> [Work required]:
I need the lines below from the one with "9日の初便は、SQ656便(787-10" down to the one with "Get crafty with" reproduced exactly, both ends included, and nothing else.

> [Data listing]:
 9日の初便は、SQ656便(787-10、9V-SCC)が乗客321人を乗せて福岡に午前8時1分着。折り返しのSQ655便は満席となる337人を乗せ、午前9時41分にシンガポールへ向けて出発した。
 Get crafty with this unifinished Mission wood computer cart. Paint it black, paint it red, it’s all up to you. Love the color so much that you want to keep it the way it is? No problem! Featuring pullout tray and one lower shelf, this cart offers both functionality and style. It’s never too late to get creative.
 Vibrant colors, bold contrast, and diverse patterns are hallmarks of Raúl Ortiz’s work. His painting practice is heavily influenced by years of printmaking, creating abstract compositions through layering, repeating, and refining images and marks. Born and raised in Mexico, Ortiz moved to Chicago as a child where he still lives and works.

...

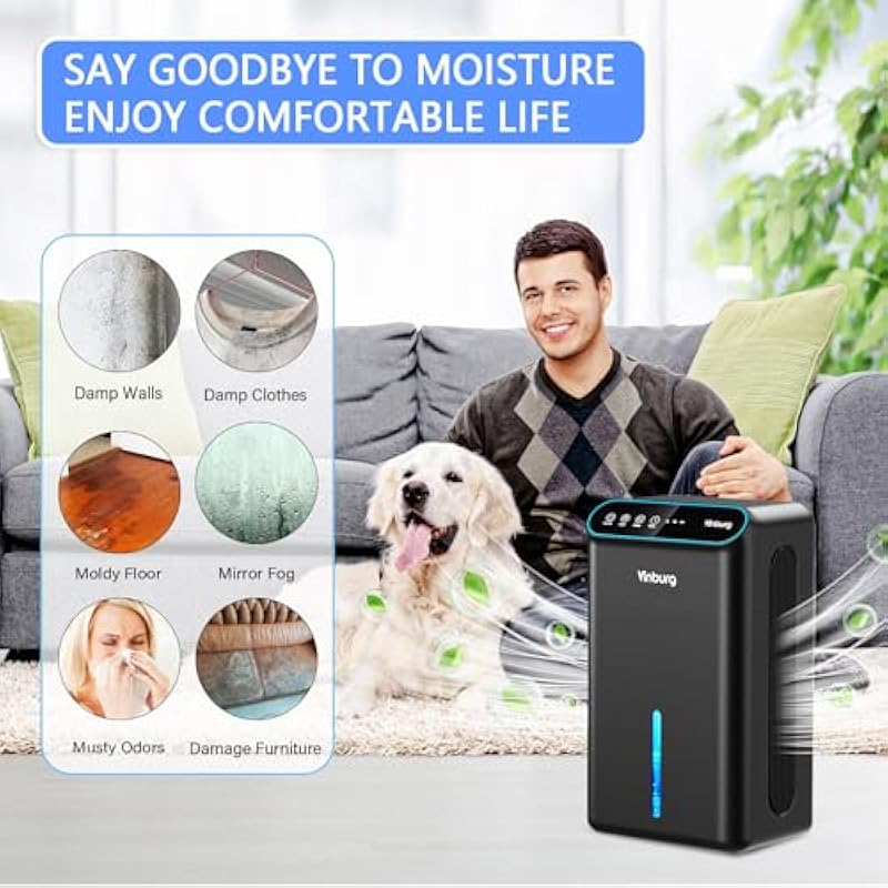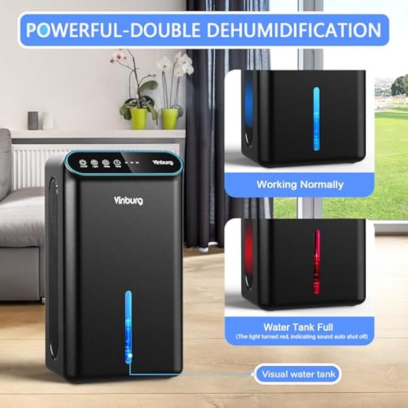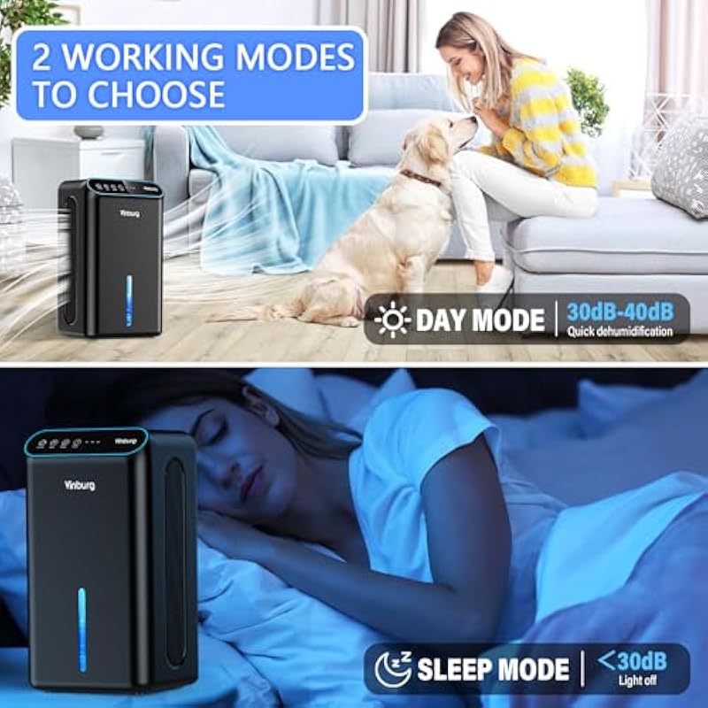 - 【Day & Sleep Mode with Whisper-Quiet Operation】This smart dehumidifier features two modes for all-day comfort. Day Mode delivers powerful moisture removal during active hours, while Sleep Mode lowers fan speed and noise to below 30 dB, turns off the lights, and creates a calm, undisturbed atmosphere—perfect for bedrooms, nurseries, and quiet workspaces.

> [Answer space]:
 9日の初便は、SQ656便(787-10、9V-SCC)が乗客321人を乗せて福岡に午前8時1分着。折り返しのSQ655便は満席となる337人を乗せ、午前9時41分にシンガポールへ向けて出発した。
 Get crafty with this unifinished Mission wood computer cart. Paint it black, paint it red, it’s all up to you. Love the color so much that you want to keep it the way it is? No problem! Featuring pullout tray and one lower shelf, this cart offers both functionality and style. It’s never too late to get creative.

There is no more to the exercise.